Estado tem 35 mil hectares destinados ao cultivo de cítricos e presença em 44 municípios
Mato Grosso do Sul vive uma expansão acelerada da citricultura e já acumula mais de R$ 3 bilhões em investimentos privados no setor.
Com aproximadamente 35 mil hectares destinados ao cultivo de laranja e de outras frutas cítricas, o Estado se consolida como uma das novas fronteiras da atividade no País, atraindo grandes grupos empresariais e ampliando sua participação na diversificação do agronegócio.
A expansão dos pomares pode ser observada em diferentes regiões sul-mato-grossenses, principalmente na Costa Leste, onde a atividade avança sobre áreas antes ocupadas por pastagens. Parte dos plantios também está integrada a regiões de cultivo de eucalipto, formando novos polos produtivos.
Segundo dados apresentados pelo governo do Estado durante a ExpoCitros 2026, realizada em Cordeirópolis (SP), Mato Grosso do Sul já conta com mais de 13 milhões de mudas cítricas plantadas.
Atualmente, pelo menos seis grandes grupos do setor têm operações no Estado, entre eles Cutrale, Cambuí, Junqueira Rodas, Agroterena, Citrosuco, Cruzamento, Agro Hernandes e Agro GB.
Considerando que o custo médio de implantação de um pomar gira em torno de R$ 80 mil por hectare, os projetos em andamento já superam a marca de R$ 3 bilhões em investimentos.
O secretário-executivo de Desenvolvimento Econômico Sustentável da Secretaria de Estado de Meio Ambiente, Desenvolvimento, Ciência, Tecnologia e Inovação (Semadesc), Rogério Beretta, atribui o crescimento da atividade a uma combinação de incentivos, segurança jurídica e controle sanitário.
“MS se tornou um destino atrativo para o setor porque reúne incentivos, linhas de crédito e uma gestão eficiente da pressão sanitária. Além disso, temos áreas disponíveis para expansão, condições naturais favoráveis e um ambiente regulatório que oferece segurança para quem deseja investir”, afirmou.
EXPANSÃO
Dos cerca de 35 mil hectares destinados à citricultura, 26 mil hectares já estão implantados e outros 8,6 mil hectares encontram-se em fase de implantação.
O crescimento também é percebido no aumento das autorizações para produção de mudas emitidas pela Agência Estadual de Defesa Sanitária Animal e Vegetal (Iagro).
Hoje, a atividade está distribuída em 44 municípios de MS, formando um novo polo de produção cítrica no País.
De acordo com a Semadesc, a competitividade do Estado está baseada em três pilares: condições climáticas e de solo favoráveis à produção, segurança econômica para investidores e rigor técnico no controle fitossanitário.
O titular da Semadesc, Artur Falcette, afirmou que a expansão da citricultura integra a estratégia estadual de diversificação econômica.
“Estamos estruturando Mato Grosso do Sul para ser referência nacional na citricultura, com planejamento, segurança jurídica, defesa sanitária eficiente e políticas públicas que garantam competitividade ao produtor e confiança ao investidor”, declarou.
Além das condições produtivas, o governo aposta na localização estratégica do Estado para ampliar a atração de investimentos.

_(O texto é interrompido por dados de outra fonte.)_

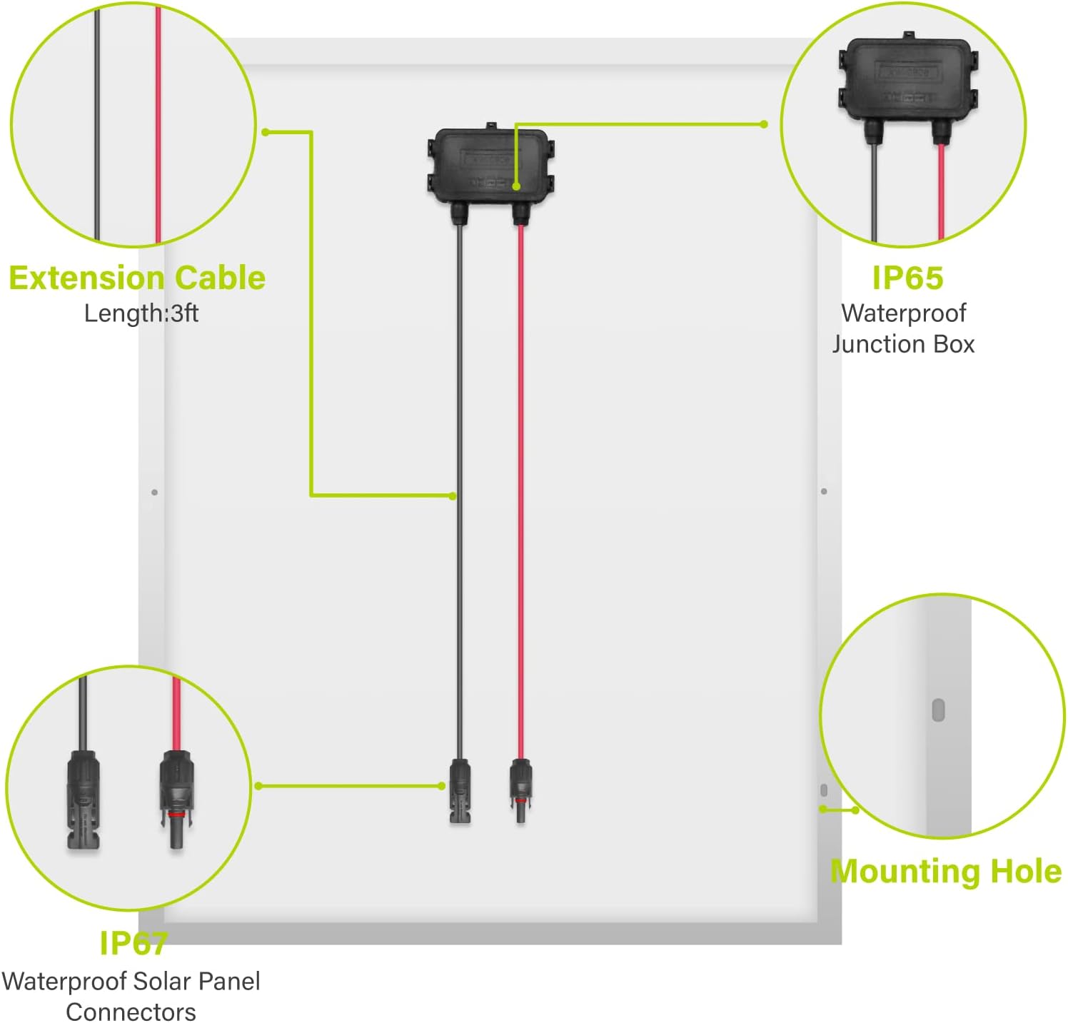 | Included Components | Pre-attached 3ft wire with connectors (M/F), Heavy-duty anodized frame, Pre-drilled holes for mounting, Possible mounting hardware, and Other components necessary for specific use-cases |

A proximidade dos polos de processamento, a malha rodoviária e a disponibilidade de áreas para expansão são apontadas como vantagens competitivas.

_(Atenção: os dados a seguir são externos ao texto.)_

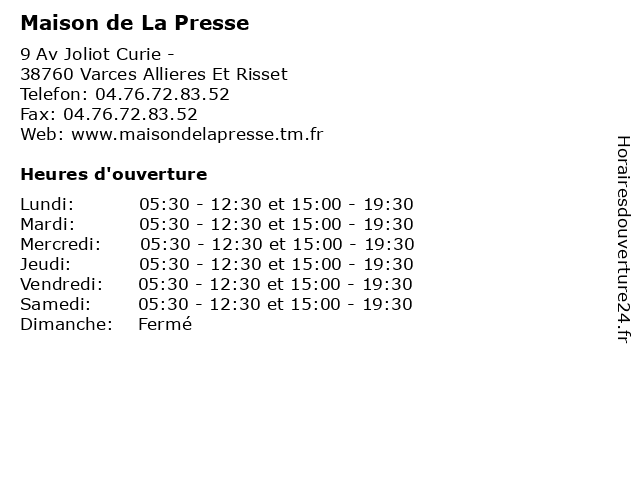 1 Maison de La Presse (Distance: 3,69 km) 9 Place Jean Monnet -, 38640 Claix cadeaux, carterie, confiserie-boissons-food, de, française des jeux, la, librairie, maison, papeterie, pmu, presse, tabac 2 Maison de La Presse (Distance: 7,37 km) 26 Rue Albert Londres, 38130 Echirolles de, la, magazine, maison, papeterie, presse, services, snack 3 Maison de La Presse (Distance: 7,37 km) 240 Avenue de la République, 38320 Bresson de, la, magazine, maison, papeterie, presse, services, snack 4 Maison de La Presse (Distance: 9,68 km) 149 Avenue de la République, 38170 Seyssinet Pariset cadeaux, carterie, confiserie-boissons-food, de, française des jeux, la, librairie, maison, papeterie, pmu, presse, tabac 5 Maison de La Presse (Distance: 14,78 km) 70 Place Julien Bertrand -, 38880 Autrans cadeaux, carterie, confiserie-boissons-food, de, française des jeux, la, librairie, maison, papeterie, pmu, presse, tabac 6 Maison de La Presse (Distance: 17,57 km) 31 Rue Jean Jaures, 38420 Domene cadeaux, carterie, confiserie-boissons-food, de, française des jeux, la, librairie, maison, papeterie, pmu, presse, tabac |

Outro diferencial destacado pelo Executivo estadual é a Rota Bioceânica, corredor logístico que ligará o Brasil aos portos do norte do Chile e facilitará o acesso a mercados da Ásia e da Costa Oeste dos Estados Unidos.
Segundo Falcette, a nova rota poderá reduzir em até 16 dias o tempo de transporte de produtos destinados à exportação.
“A infraestrutura está avançando com a conclusão de obras e a ampliação das conexões logísticas. Isso cria novas oportunidades para produtos de maior valor agregado e fortalece a competitividade do Estado”.
DIVERSIFICAÇÃO
Para o governo estadual, o avanço da citricultura representa mais um capítulo do processo de diversificação da economia sul-mato-grossense, tradicionalmente baseada na soja e na pecuária.
Segundo Falcette, mais de 5 milhões de hectares de áreas degradadas passaram a ser ocupados por novas atividades produtivas nos últimos 15 anos, ampliando a geração de riqueza e empregos no campo.
“Nossa proposta é mostrar Mato Grosso do Sul como uma área segura para produzir, com foco em sustentabilidade, proteção sanitária, incentivos econômicos e desburocratização. Queremos consolidar o Estado como referência nacional no desenvolvimento agrícola sustentável”, concluiu.